Philanthropy, the climate crisis and COP27 – a perspective from the Arab region
Oct 31, 2022 | Philanthropy
Cover photo from Omar Chatriwala
By Naila Farouky – CEO, Arab Foundations Forum
I am not a climate expert by any stretch of the imagination, and up until 5 years ago, I hadn’t really given much thought to the climate crisis in my professional capacity. However, as a representative of the Arab Region’s only network and membership association of philanthropy and civil society actors, I have become engaged in the conversation around climate as much by accident as by necessity.
I think it’s important to acknowledge, first and foremost, that the issues around climate haven’t necessarily been at the top of the agenda of the NGO and CSO sectors in the Arab region. In 2017, when I was first introduced to the climate conversation by the Foundations20 Team (F20), I was surprised to discover that the engagement by the Arab Region’s development and philanthropy sectors was very low. This is not to say that there isn’t any attention being paid to the climate crisis by the sector, but that it isn’t organised in a meaningful way to affect any significant impact by the sector.
Since the announcement of the regional host cities for COP27 and COP28, this has changed. However, last October, when the Arab Foundations Forum was contacted to meet with the COP26 UN High-Level Champion for Climate, Nigel Topping, and to host him and his team in Cairo for a briefing session around the key civil society actors leading the charge on climate in the region, we couldn’t find a local, regional philanthropy actor whose strategic priority focused on climate. Of my members, many of which are the region’s largest donors, not a single regional member had placed the climate-focused SDGs at the top of their list of strategic priorities.

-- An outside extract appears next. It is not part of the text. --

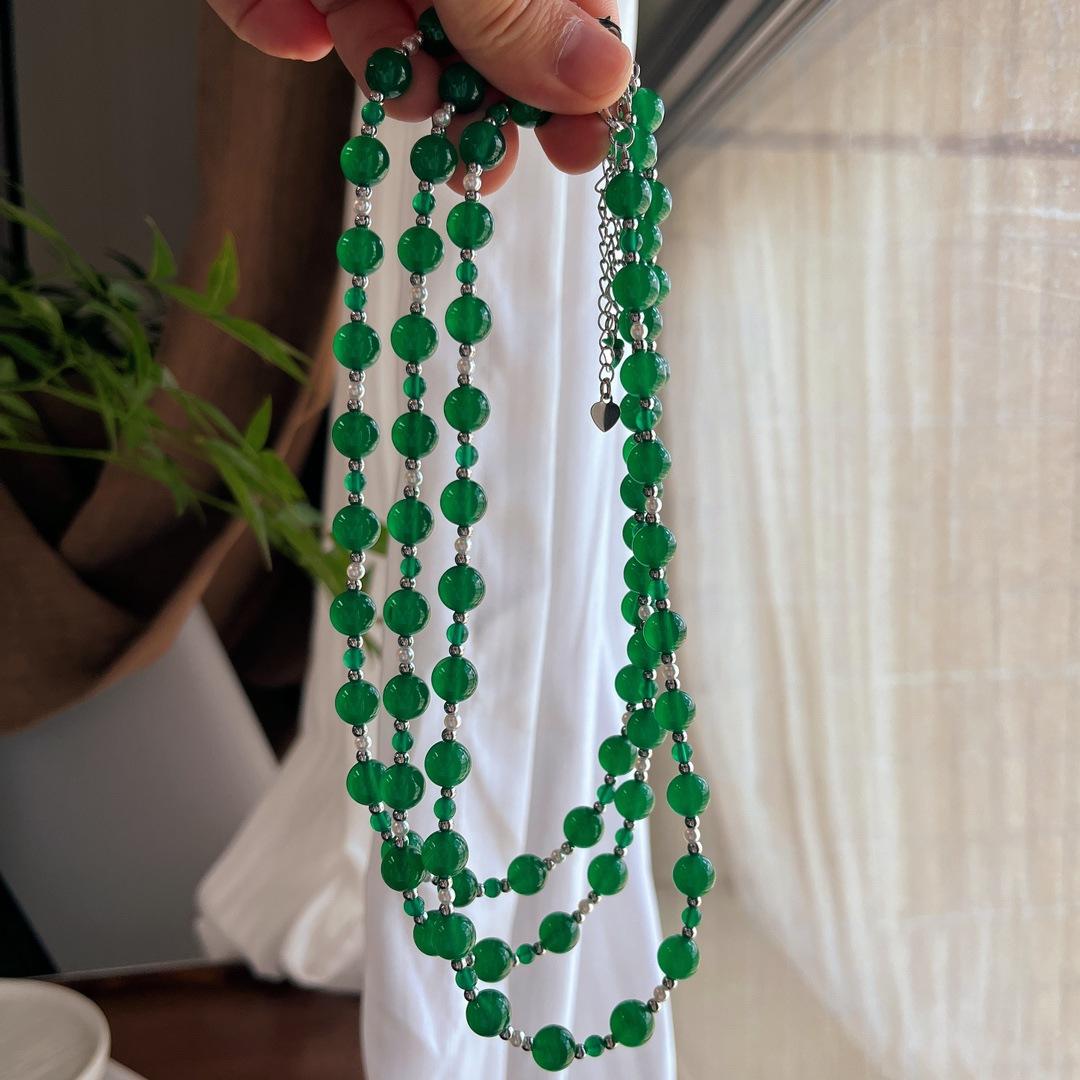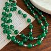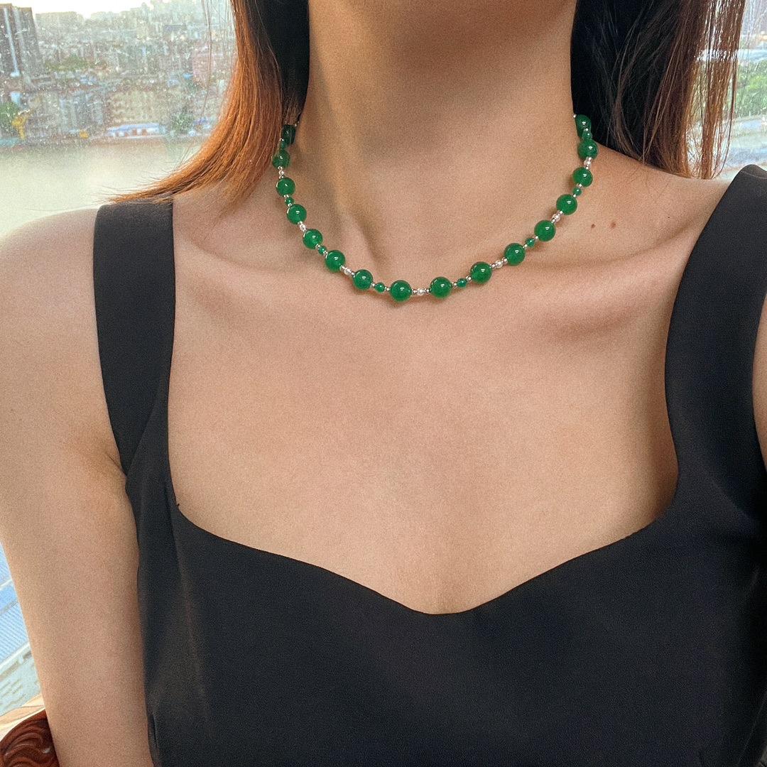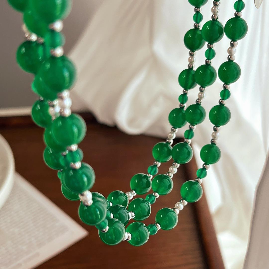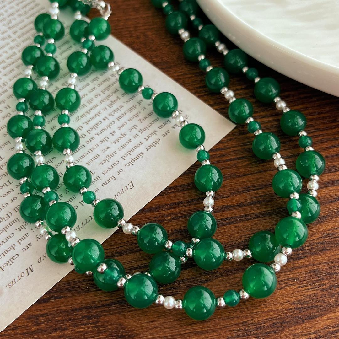 Collar Retro Fresco Calcedonia Verde Natural Shijia Perla Blanca Fría Gipsófila Ágata Cadena para Clavícula para Mujer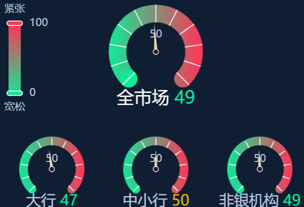 六、资金面情绪指数:全市场49 资金面维稳 (0-100紧张度递增,50为均衡,超过50反映资金紧张)

With COP27 and 28 fast approaching, we are determined to change this, and the ever-increasing level of crisis is more than enough of an impetus to change this. Part of our responsibility as a network is to help contextualise the discussion around climate, the race to net zero, and the crisis in which we globally find ourselves, from the perspective of the Arab Region CSO and NGO sectors.
We hope to do this by, first, serving as co-convening and co-hosting partners with a group of philanthropy actors at several side events at COP. With international partners who are experts in this field, we intend to provide a space where our network can engage on the issues surrounding the climate crisis, and where we hope that engagement will lead to collaborations and partnerships within the region’s philanthropy actors in a more purposeful way moving forward.
We have also been engaging with partners globally who are taking the lead in engaging philanthropy’s response to the climate crisis. Partners like WINGS, who have launched a Philanthropy for Climate Working Group, of which we are members on behalf of our network. We have also participated in roundtable discussions at the invitation of the Climate Emergency Collaboration Group with COP27’s UN High-Level Champion for Climate, as well as with several Egyptian Ministers to represent the Arab Region’s philanthropy sector in the discussions leading up to COP27. My hope is that these steps will allow us to effectively represent the sector in a way that allows for future collaboration and strategic funding for this crisis.
Obviously, the impact of the climate crisis, and the race to net zero as one of the solutions, cannot be overstated. Last month, there were 33 million people in Pakistan – almost 90% of the entire population of Australia, for reference – without homes due specifically to the climate crisis. Worldwide, we’ve been seeing historic, record-breaking heat waves, devastating fires, destruction of agrarian land, and devastating loss of livelihood for small farmers worldwide. It isn’t a question of whether the philanthropy sector has a role to play in mitigating these challenges; it’s a question of when, and even then, it’s a question of what are we waiting for?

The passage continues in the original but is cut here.